Task statement | All lines from the one bearing "Jupe Longue Plissée" through the end of the data below must be printed exactly as they stand, with pictures removed.

===== Exercise data

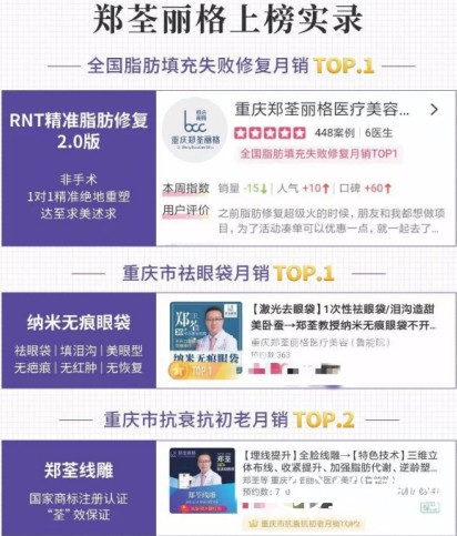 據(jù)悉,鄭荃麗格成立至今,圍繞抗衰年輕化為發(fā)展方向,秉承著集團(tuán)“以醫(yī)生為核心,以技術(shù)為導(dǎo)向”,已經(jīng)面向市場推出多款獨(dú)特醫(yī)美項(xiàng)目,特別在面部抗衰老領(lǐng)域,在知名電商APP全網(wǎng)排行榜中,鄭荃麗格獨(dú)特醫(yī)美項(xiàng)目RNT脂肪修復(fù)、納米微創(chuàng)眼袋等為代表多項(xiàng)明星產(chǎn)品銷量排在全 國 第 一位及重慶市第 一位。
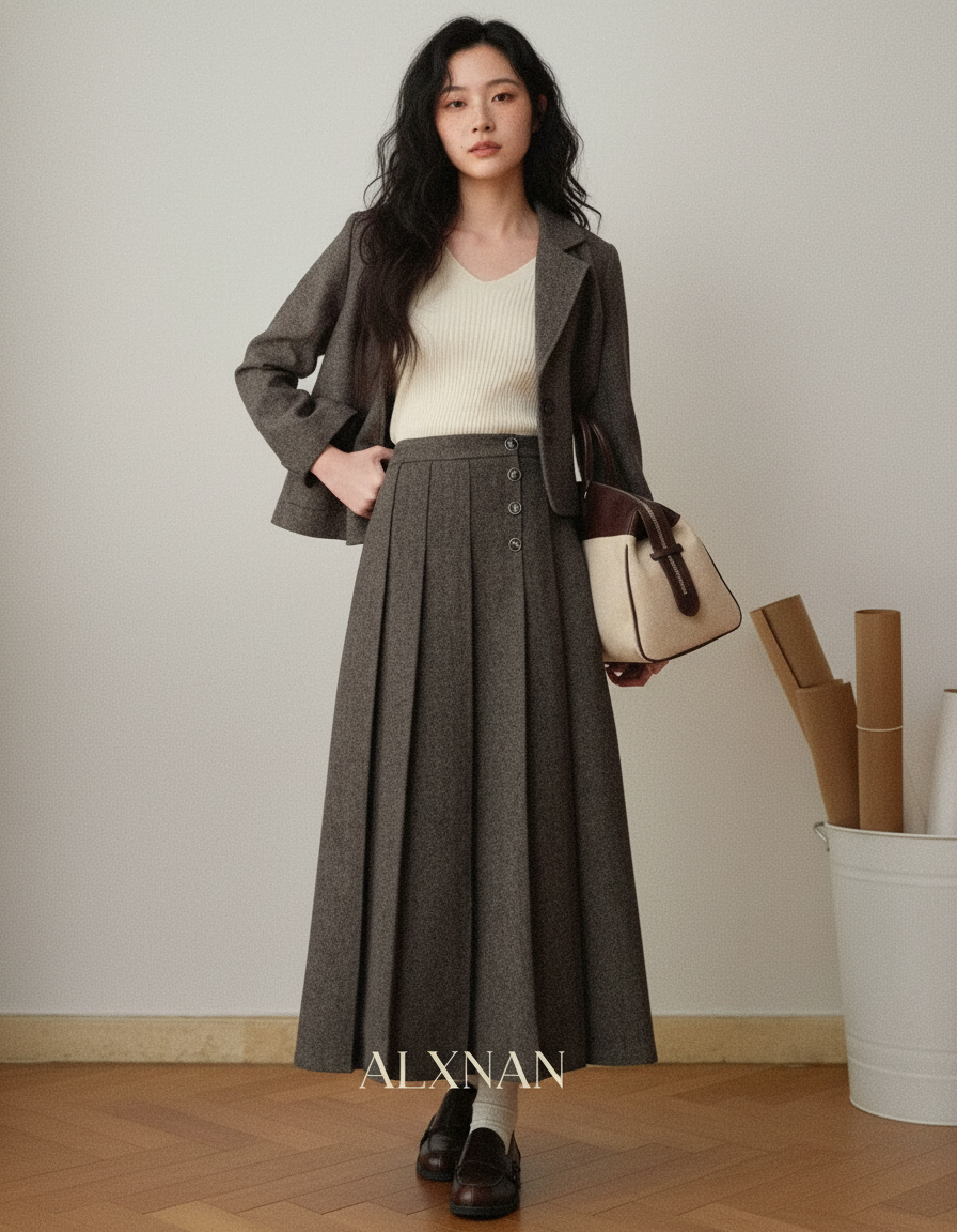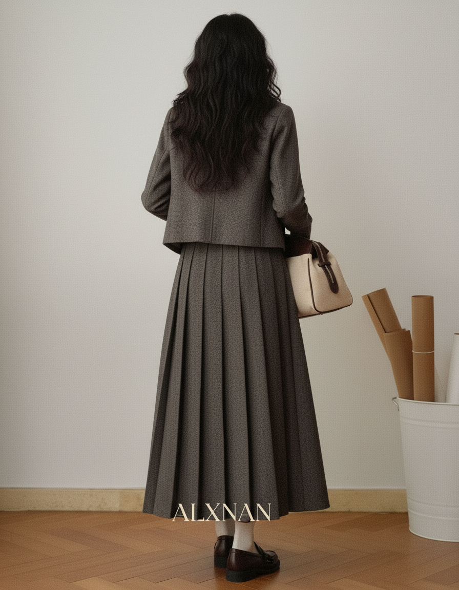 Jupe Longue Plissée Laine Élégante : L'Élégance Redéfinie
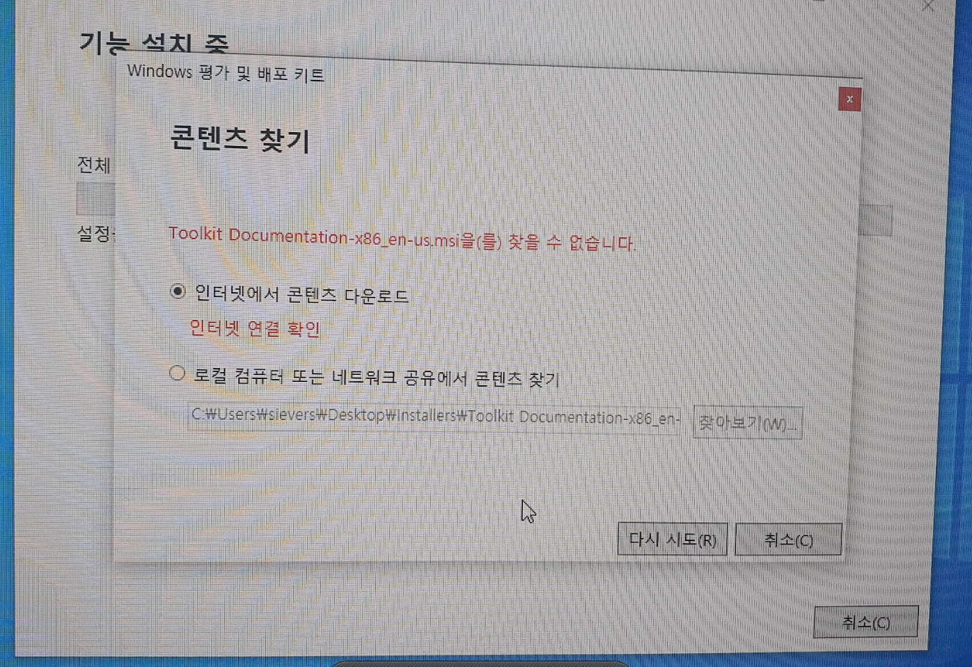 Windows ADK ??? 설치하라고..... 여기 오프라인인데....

==========

Task output |
 Jupe Longue Plissée Laine Élégante : L'Élégance Redéfinie
 Windows ADK ??? 설치하라고..... 여기 오프라인인데....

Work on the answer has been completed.